Graduates urged to invest more in pension to boost retirement income

1 September 2025

A pension top-up of just £21 a month from the age of 22 could boost retirement pots by up to £26,000, new analysis from Standard Life has revealed.

Among those who have graduated from university in the last five years, 89% said that pension planning is important to them. However, shorter-term financial matters are more likely to be a priority at this stage, with general saving and investing, as well as day-to-day living expenses and saving for a house coming ahead of saving for retirement.

Standard Life said that while retirement saving may not be a top concern for graduates at the moment, those who are able to save a bit more into their pension once they start working could find themselves better off in future.
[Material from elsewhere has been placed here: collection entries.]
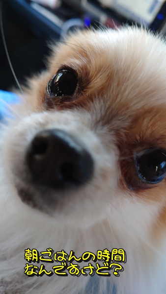 朝起きて、ポメっ子達の朝ごはんの時間は、私は128(いっぱ)と車に居ました
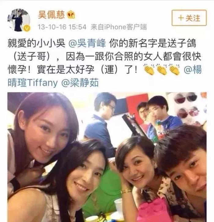 第一代锦鲤吴青峰被大家称之为“送子观音”,之前和他合照过的女艺人没过多久就怀孕有baby了。
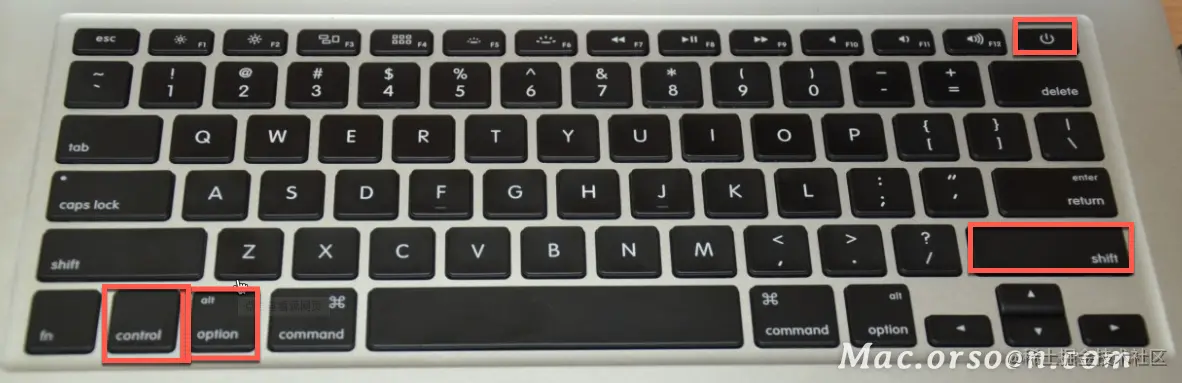 3.按住全部三个按键 7 秒钟,然后在不松开按键的情况下按住电源按钮。如果 Mac 处于开机状态,它将在您按住这些按键时关机。
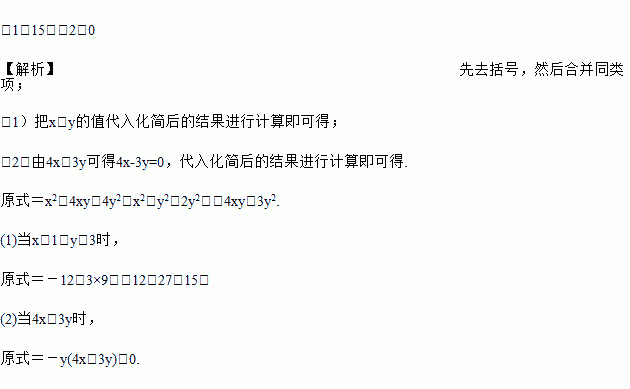 已知代数式x2-4xy+4y2-(x2-y2)-2y2.
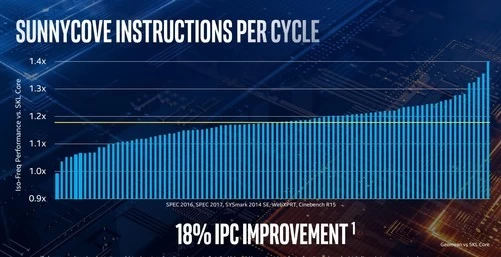 IPC是处理器性能的重要指标。Sunny Cove微架构为10代酷睿带来了18%的IPC性能提升,相对于SkyLake微架构有1.4倍的提升。另外这里需要说明的是,英特尔给出的IPC提升18%数据是通过5个Benchmark测试出来的结果,18%是一个平均下来的水平线。

Its analysis shows that someone who began working on a salary of £25,000 per year, paying the minimum monthly auto-enrolment contributions from the age of 22, could have a total retirement fund of £210,000 by the age of 68, adjusted for inflation. However, increasing monthly contributions by just 1%, from £104 to £125 a month, from the age of 22 could see them accumulate £236,000 by the age of 68; an increase of £26,000.
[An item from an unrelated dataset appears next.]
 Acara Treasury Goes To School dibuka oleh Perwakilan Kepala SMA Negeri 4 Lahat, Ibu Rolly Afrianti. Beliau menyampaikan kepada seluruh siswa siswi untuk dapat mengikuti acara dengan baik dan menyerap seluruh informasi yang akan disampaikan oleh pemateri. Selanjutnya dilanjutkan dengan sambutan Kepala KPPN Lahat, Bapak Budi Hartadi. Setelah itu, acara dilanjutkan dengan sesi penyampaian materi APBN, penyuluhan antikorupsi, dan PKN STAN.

Graduates that can afford to increase contributions even further to 8% a month, or £167, from the age of 22 could see this figure increase by £79,000 to £289,000.

Dean Butler, managing director for retail direct at Standard Life, said: “Graduates have a lot to juggle as they take their first steps into working life, from rent and bills to saving for a home. Therefore, while most recent university leavers are conscious of the importance of pension planning, it’s understandable that other financial concerns take priority and that saving for retirement is not top of mind when only just starting on the career ladder.

“However, for those able to do so, sacrificing a round of drinks, a gym class or a takeaway each month and putting those savings into a pension can make a notable difference over time. Topping up pension contributions from the start of a career could be hugely valuable, as your pension will benefit from tax relief, and from the power of long-term investment growth.”